All this is due to the intense historical rivalry between the two best supported clubs in the country Kotoko and Hearts. Indeed, they are the only clubs yet to taste relegation since the national league was launched in 1958. An enviable record akin to Brazil being the only nation to have, up to date, qualified for every FIFA World Cup since its inception in 1930. They are five times champions if you care to know.
Back to Cape Coast 1969. I vividly recall the myth surrounding Dwarfs’ massive victory on that August 31 afternoon that coincided with, Asante Kotoko’s 34th birthday.
It was also an exciting time with those of us on the sports desk of the Daily Graphic armed with a big sports story for the Monday edition.
The practice in the newsroom at the time was to take down stories on the phone. When our correspondent Pamidy Amoah called to give the headline scores first to enable us compile the league table, I thought he was on one of his usual pranks.
I told him to be serious this time round since the sports desk was working against time on league match days. I inquired whether Kotoko fielded their full set including wizard dribbler Osei Kofi. His confirmation of the full line up consisting all the great stars who had just returned from a two-week tour of the UK, convinced me that Kotoko had truly been beaten by a determined group of Mysterious Dwarfs.
It was a packed to capacity stadium those days. Each of the league clubs had at least two or three key players who attracted fans so each match had a peculiar attraction. As for Fabulous Asante Kotoko, almost all matches involving them guaranteed heavy patronage. A Kotoko fixture guaranteed huge pay day for all home clubs.

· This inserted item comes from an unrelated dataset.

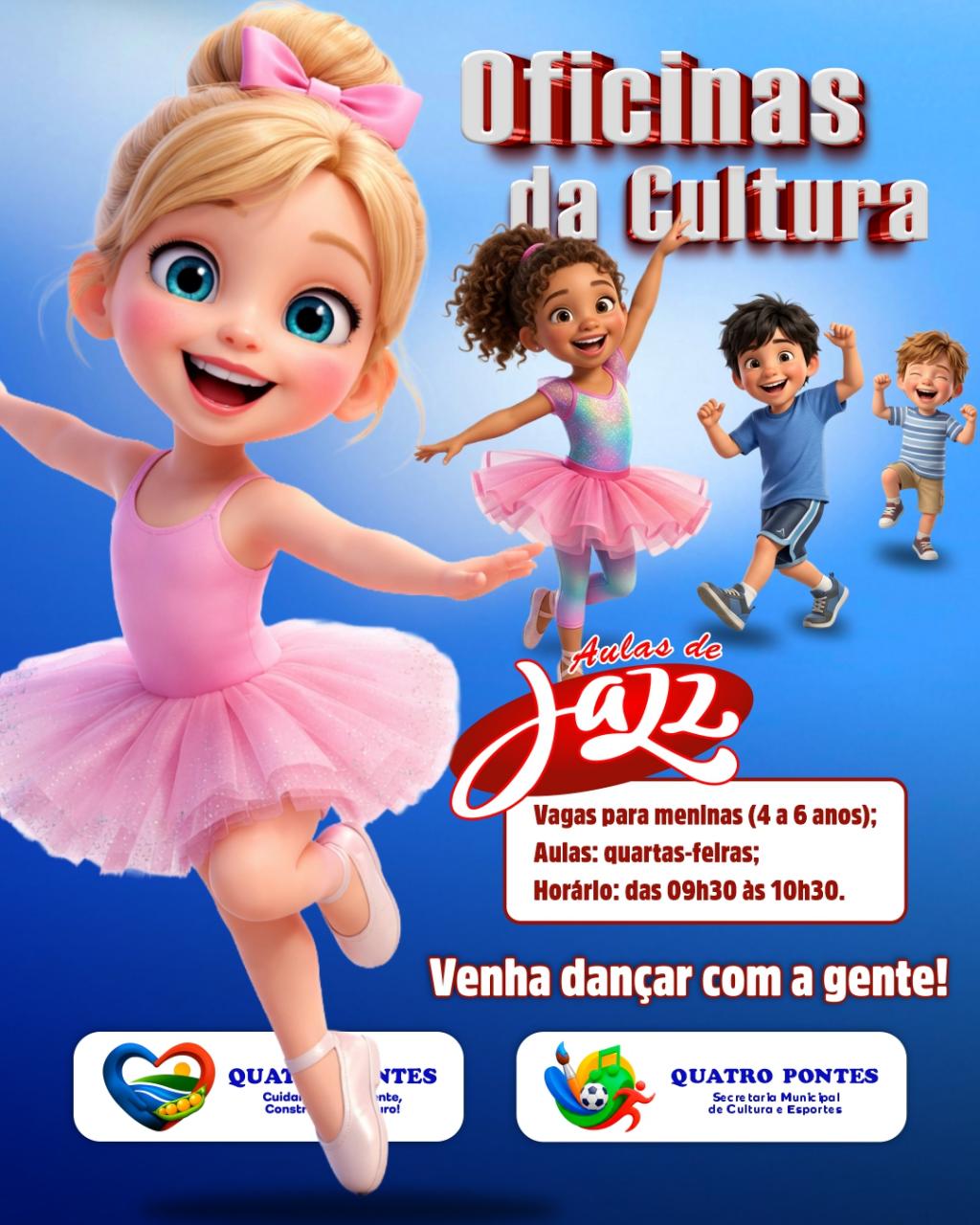 Quatro Pontes, 17 de abril de 2026 – A Secretaria Municipal de Cultura e Esportes informa que ainda há vagas disponíveis para a turma de Jazz destinada a crianças de 4 a 6 anos, no período da manhã. As aulas já estão em andamento, mas novos alunos ainda podem ser integrados à turma.

Matches involving Kotoko against Hearts continued to have a long tradition of special status over the years. Not even the unfortunate May 2001 Accra Stadium disaster that killed 126 football fans could affect the enthusiasm of fans to fill the stands. Patronage kept so high that Nana Abrah Appiah’s PLB dubbed Hearts-Kotoko matches, Super Clash.
The wonder is that the much heralded Super Clash is being gradually but unnoticeably adulterated by the new administrators of Ghana football. It is a bit difficult to understand their criteria used in drawing the national football calendar.

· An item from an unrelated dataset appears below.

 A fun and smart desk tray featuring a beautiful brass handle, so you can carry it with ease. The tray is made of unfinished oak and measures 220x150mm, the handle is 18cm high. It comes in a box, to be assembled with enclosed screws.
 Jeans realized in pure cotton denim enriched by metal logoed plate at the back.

We had a Presidential Cup match to play on the eve of independence anniversary and it’s a mess. Instead of a real Presidential Cup, arrangements fit for purpose, a Kotoko versus Hearts league match is turned into a quick fix. It is hurriedly branded a knockout match in disguise. You now have a penalty shootout if there is no winner after 90 minutes.

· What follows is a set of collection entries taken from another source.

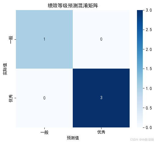 图表展示部分采用了Seaborn绘制中文标注的混淆矩阵,清晰显示模型在区分"优秀"与"一般"绩效等级上的识别能力。
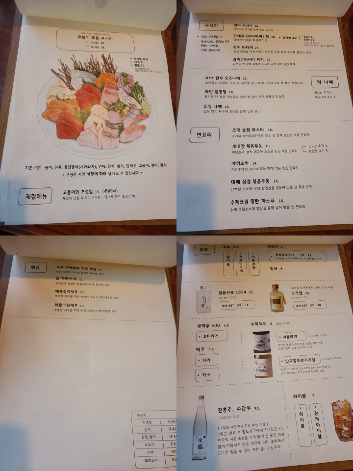 오늘의 모듬 사시미가 메인입니다. 그 외에 사시미, 탕·나베, 면요리, 튀김 등을 판매합니다. 메뉴판만 봐도 먹고싶은게 정말 많아서, 다 시키고 싶었습니다.
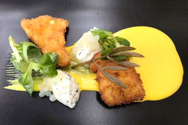 panirani bakalar, kozji sir, aioli, kavijar od limuna
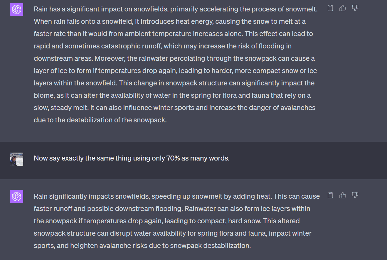ChatGPT has a propensity towards wordiness. ‘Why use five words when you could do the same with 50?’ often seems to be its motto.
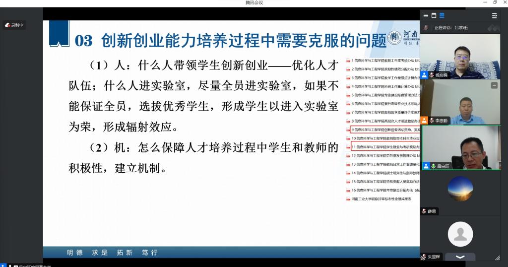为了提升我校大学生创新创业能力,提高教师指导大学生创新创业项目的工作成效,9月21日,创新创业学院与电气与控制工程学院共同邀请河南工业大学吕宗旺教授通过线上的形式做了关于“提升大学生创新创业能力的培养策略”的交流报告。报告从创新人才培养面临的问题出发,提出了从“人、机、物、法”四个方面破解问题的方法,并通过亲身实践的详实案例和做法为大家展示了如何培养创新型人才的路径,为我校教师提供了良好的借鉴和启发。最后与会教师关于创新实验班和创新实验室建设方面与吕教授进行了深入交流。
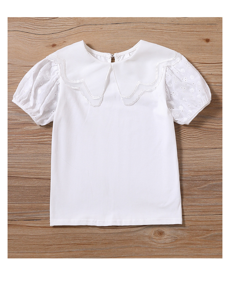 여름 아동 의류 신제품 소녀 여름 반팔 코튼 탑 아동 여름 의류 얼음 도자기 코튼 레이스 인형 칼라 티셔츠 7스토어 가기
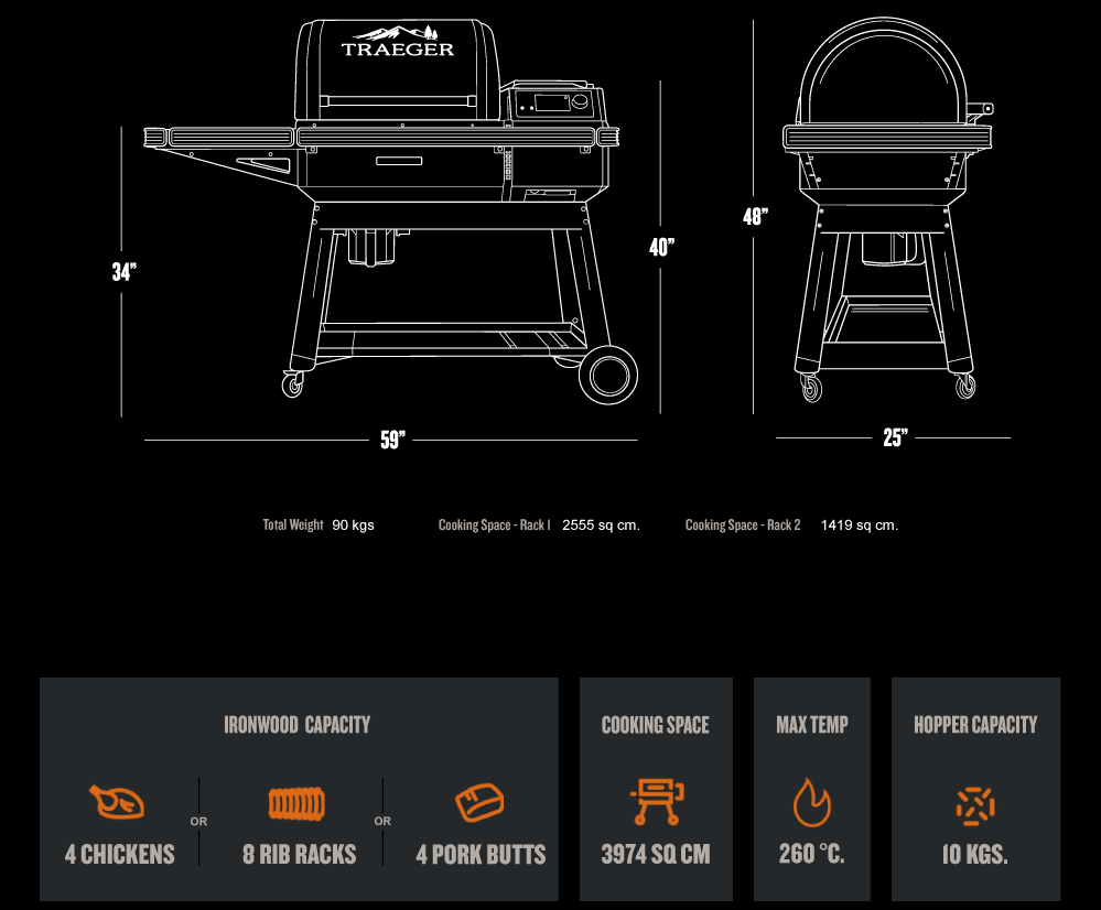 Everything tastes better cooked over wood and the Ironwood let’s you have complete control over smoke. Not all temperatures are equal. The higher the temps, the less smoke will be produced. Food cooked between 165° - 225° will produce more smokin’ flavour to fit your tastebuds than those cooked at higher temps.

To add confusion to disbelief, kick off time kept changing from late afternoon to floodlights since it suddenly dawned on someone that there was the probability that Liverpool and Manchester United match on satellite TV could distract attention.
Perhaps gone are the days when fans of foreign clubs like Man U, Chelsea, Liverpool, Arsenal, etc went to the stadium with small radio sets to listen to BBC commentary on EPL matches while watching their local idols in flesh. Please don’t ask me if there are any local idols to watch, I don’t have the answer.
My only worry is why the GFA is determined to adulterate the value of the only golden egg fixture in Ghana football to such an extent that gates are open free to supposedly attract national attention.
I hope the resultant financial encumbrances in this Hearts-Kotoko gate free match wouldn’t affect funds meant for the upcoming African Games scheduled for overcrowded Olympic year 2024.
And lest I forget, what’s the fate of Hearts of Oak’s embattled Serbian coach who has been advised by the Police to stay away from the club’s activities in his own interest. I suggest the GFA must show some interest in this matter to avoid unwarranted international repercussions.
Cheers everybody and keep loving sports.